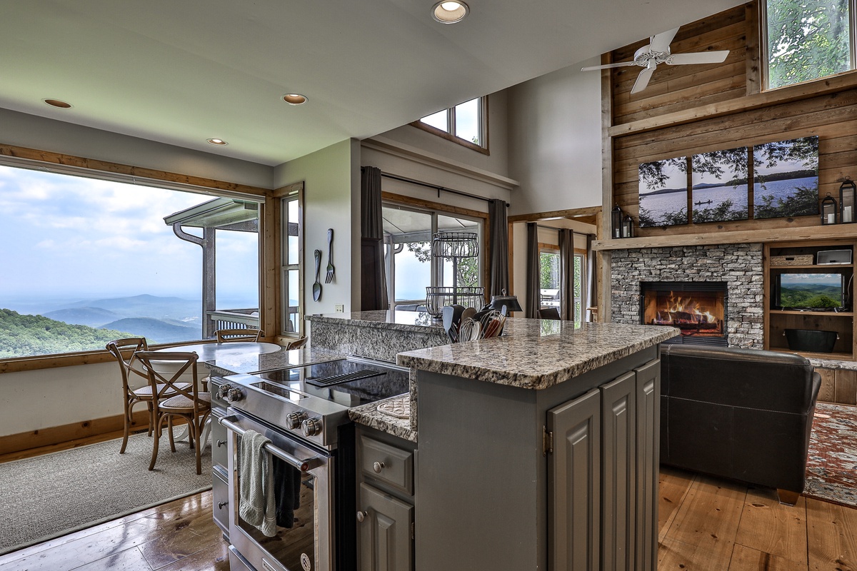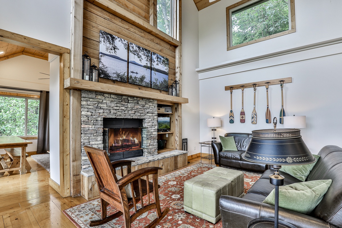 - Spacious great room featuring a cozy wood-burning fireplace
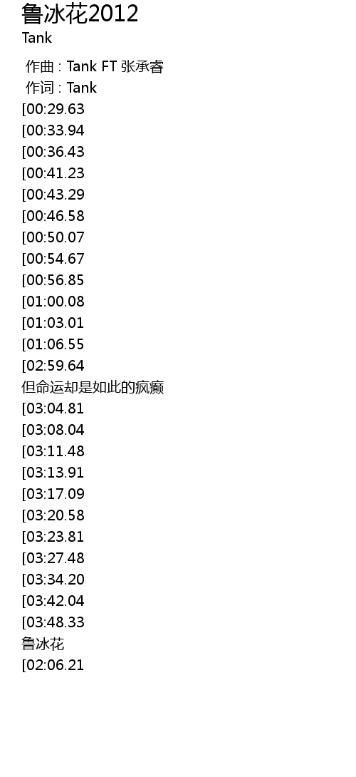 | [00:00.00] | zuo qu : Tank FT zhang cheng rui |
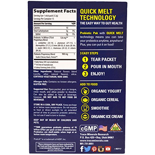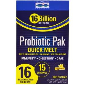 Probiotic Pak Quick Melt Vanilla 15 Serving BoxProduct DescriptionProbiotic Pak with QUICK MELT technology means you can take your probiotics anytime, anywhere Plus, you can put it on food Probiotic Pak is formulated with 16 billion viable organisms from 8 different friendly bacterial strains. It also includes QUICK MELT technology so all you have to do is toss the great-tasting powder in your mouth and away you go. No mixing necessary Want to add a probiotic boost to your yogurt, bowl of fruit, or smoothie? Just toss it in Since intestinal flora often decreases with age, its important to supplement the diet with probiotics.* A balanced gut microbiome supports many functions in the body, including digestion, circulation, immunity, and oral health.*
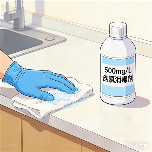 耐腐蚀物体如石质桌面或台面可选500mg/L含氯消毒剂擦拭消毒,让消毒剂在物体表面停留15分钟,然后用清水擦拭干净;
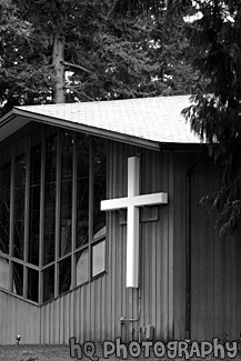 A scenic picture taken close up of a church building with a white cross located next to the large window. This church was surrounded by evergreen trees and is located in Washington State.
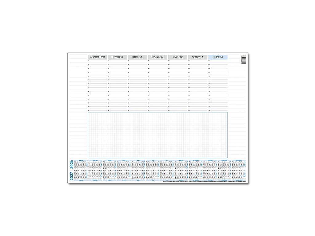 Ideálny doplnok na každý pracovný stôl! Podložka obsahuje týždenné kalendárium určené na zapisovanie jednotlivých poznámok v konkrétnom dni. V dolnej časti nájdete prehľadné dvojročné kalendárium na roky 2026 a 2027, vďaka ktorému máte všetky dôležité dátumy vždy poruke. Podložka je doplnená o transparentnú plastovú spodnú lištu, ktorá je ideálna na reklamnú potlač. Vhodná pre firmy ako praktický a zároveň reprezentatívny darček. Transparentná lišta v rozmere 470x65mm.| FORMAT | 470 x 340 |
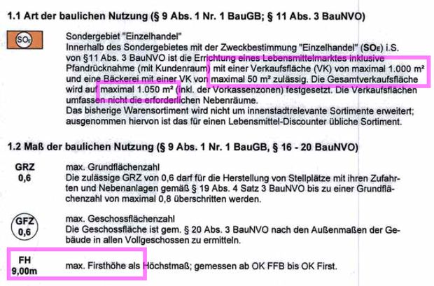 Im Änderungsplan für die derzeitig genutzte Lidlfläche sollen 4000 m² Einzelhandel oder Flächen für Dienstleister (ohne Angabe von m²) ausgewiesen werden.
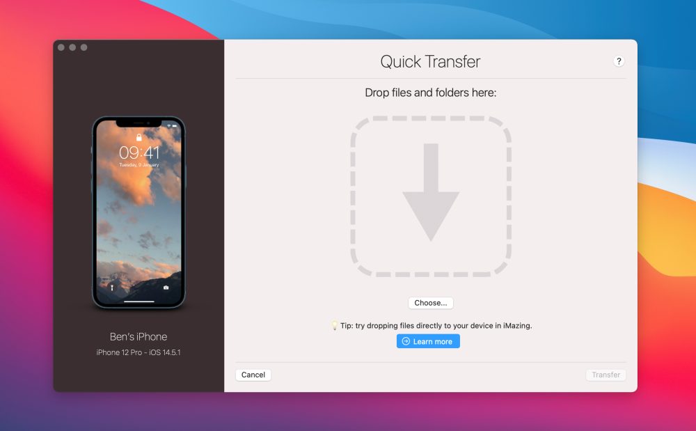 Import and export music, videos, ringtones, ebooks, apps and more with a simple drag and drop UI. Don’t mess around with Apple’s music syncing: copying a folder of songs to your phone takes just a couple of clicks with iMazing.
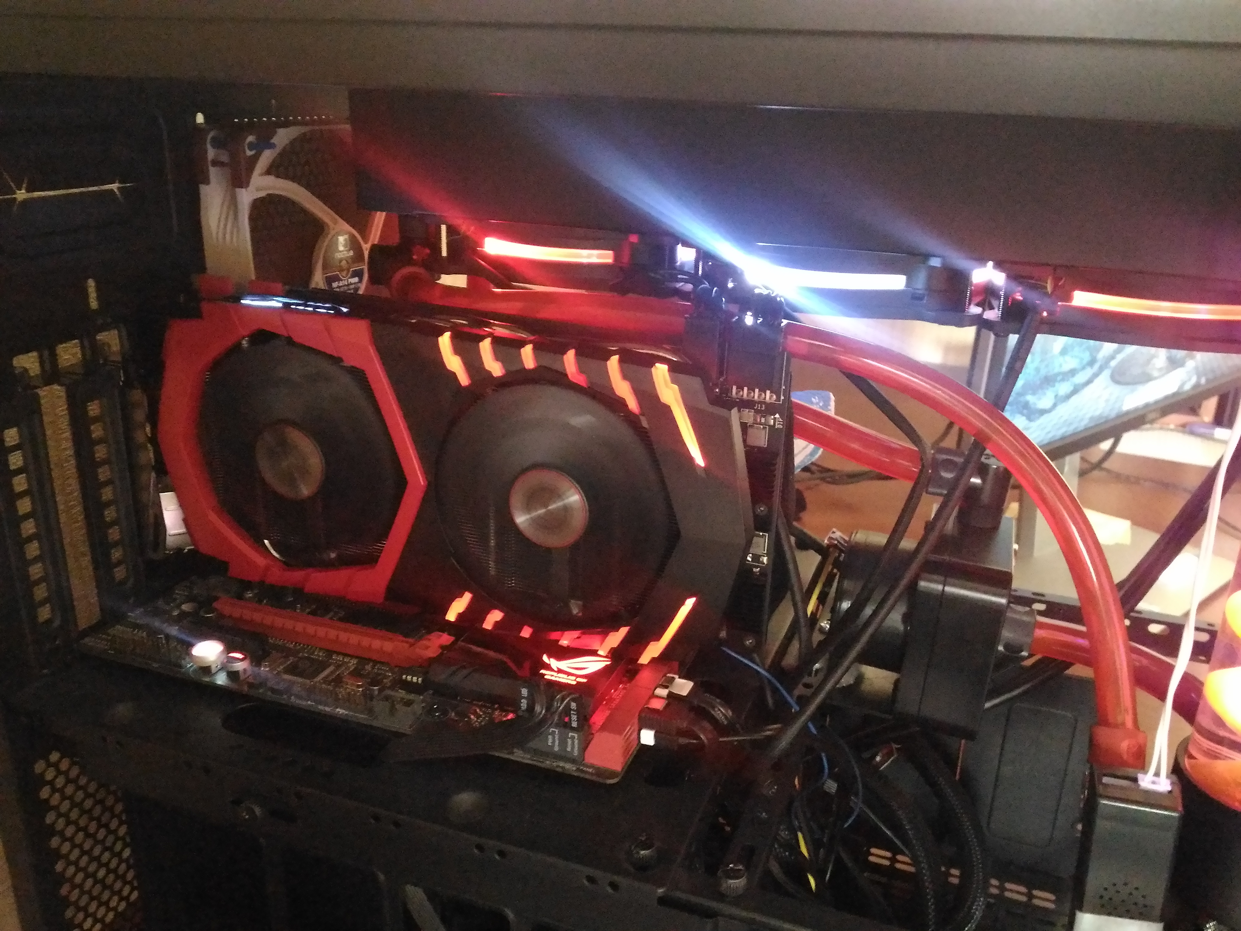 olegdjus У вас ваш "аквариум" прям как гирлянда Кстати, я так понял, вам чтобы вытащить и вставить карту, надо шланг снимать? Вот я смотрю, сейчас тенденция пошла лепить везде RGB-подсветку на СО видеокарт. Прямо бум, начавшийся с паскалями.. Однако. в стандартных корпусах бОльшая часть подсветки будет не так явно заметна, ибо карты то висят кожухом вниз.
---
### [Problem to work on]
Repeat, word for word and with no pictures, only the lines running from the beginning of the data to the line that contains "cheng rui |".

### [Exercise solution]
 - Spacious great room featuring a cozy wood-burning fireplace
 | [00:00.00] | zuo qu : Tank FT zhang cheng rui |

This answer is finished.